» **What you are asked to do**: Below is a listing. Write out exactly its lines between the one holding "西南证券:科锐国际(3006" and the one holding "Reloj de mujer", inclusive.

» **Material for this task**:
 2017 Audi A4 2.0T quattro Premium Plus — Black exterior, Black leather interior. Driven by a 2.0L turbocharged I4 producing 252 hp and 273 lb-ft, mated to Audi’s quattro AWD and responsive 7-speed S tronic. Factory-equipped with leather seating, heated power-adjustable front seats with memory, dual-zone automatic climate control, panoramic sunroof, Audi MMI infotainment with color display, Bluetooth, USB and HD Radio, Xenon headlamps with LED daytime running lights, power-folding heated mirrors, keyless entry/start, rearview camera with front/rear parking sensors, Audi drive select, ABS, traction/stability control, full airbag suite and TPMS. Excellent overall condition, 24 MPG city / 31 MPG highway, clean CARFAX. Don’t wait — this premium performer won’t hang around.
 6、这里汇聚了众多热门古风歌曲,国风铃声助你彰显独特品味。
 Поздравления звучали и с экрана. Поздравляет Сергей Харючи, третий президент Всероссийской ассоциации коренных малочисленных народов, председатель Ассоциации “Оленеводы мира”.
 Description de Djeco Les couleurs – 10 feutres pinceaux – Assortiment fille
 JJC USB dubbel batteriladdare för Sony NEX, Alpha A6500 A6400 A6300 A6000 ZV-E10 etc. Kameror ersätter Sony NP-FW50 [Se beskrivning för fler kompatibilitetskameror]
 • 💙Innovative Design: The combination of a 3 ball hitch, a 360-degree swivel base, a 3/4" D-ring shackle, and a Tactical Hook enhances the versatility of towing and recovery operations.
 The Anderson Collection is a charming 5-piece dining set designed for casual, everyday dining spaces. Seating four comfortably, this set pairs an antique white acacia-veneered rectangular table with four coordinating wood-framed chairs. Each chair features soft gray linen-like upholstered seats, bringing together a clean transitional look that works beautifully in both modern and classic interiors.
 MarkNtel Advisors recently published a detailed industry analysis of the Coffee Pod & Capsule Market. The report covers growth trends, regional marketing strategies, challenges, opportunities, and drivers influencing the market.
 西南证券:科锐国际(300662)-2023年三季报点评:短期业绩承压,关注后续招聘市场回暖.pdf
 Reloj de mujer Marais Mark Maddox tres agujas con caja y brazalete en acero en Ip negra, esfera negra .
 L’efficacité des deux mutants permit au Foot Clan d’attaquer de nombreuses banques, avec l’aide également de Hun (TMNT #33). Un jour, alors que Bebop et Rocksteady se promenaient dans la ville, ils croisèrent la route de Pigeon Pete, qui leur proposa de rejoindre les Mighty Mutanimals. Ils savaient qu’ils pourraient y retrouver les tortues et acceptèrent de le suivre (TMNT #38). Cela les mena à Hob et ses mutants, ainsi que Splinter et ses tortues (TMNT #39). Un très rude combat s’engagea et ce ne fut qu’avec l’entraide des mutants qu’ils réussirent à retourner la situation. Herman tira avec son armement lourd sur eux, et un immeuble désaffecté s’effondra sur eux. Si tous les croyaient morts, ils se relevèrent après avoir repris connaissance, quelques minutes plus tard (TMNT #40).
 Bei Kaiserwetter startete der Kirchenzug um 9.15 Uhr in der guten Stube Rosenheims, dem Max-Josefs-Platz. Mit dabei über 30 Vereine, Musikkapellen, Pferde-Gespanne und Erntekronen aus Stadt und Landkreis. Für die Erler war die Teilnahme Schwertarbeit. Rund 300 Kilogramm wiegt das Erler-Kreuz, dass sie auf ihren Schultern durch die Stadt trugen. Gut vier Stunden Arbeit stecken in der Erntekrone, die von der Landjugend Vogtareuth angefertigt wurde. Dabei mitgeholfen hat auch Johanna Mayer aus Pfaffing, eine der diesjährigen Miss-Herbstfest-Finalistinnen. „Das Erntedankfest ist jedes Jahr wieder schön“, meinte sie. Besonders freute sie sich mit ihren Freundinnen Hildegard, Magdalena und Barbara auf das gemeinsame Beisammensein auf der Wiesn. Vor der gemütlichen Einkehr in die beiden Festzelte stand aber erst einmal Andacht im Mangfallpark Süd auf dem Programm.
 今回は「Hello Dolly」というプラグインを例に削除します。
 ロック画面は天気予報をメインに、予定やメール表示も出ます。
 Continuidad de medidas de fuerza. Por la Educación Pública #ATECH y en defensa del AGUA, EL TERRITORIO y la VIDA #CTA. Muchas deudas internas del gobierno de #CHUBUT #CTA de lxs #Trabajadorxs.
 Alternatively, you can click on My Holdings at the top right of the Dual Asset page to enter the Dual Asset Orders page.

» **Exercise solution**:
 西南证券:科锐国际(300662)-2023年三季报点评:短期业绩承压,关注后续招聘市场回暖.pdf
 Reloj de mujer Marais Mark Maddox tres agujas con caja y brazalete en acero en Ip negra, esfera negra .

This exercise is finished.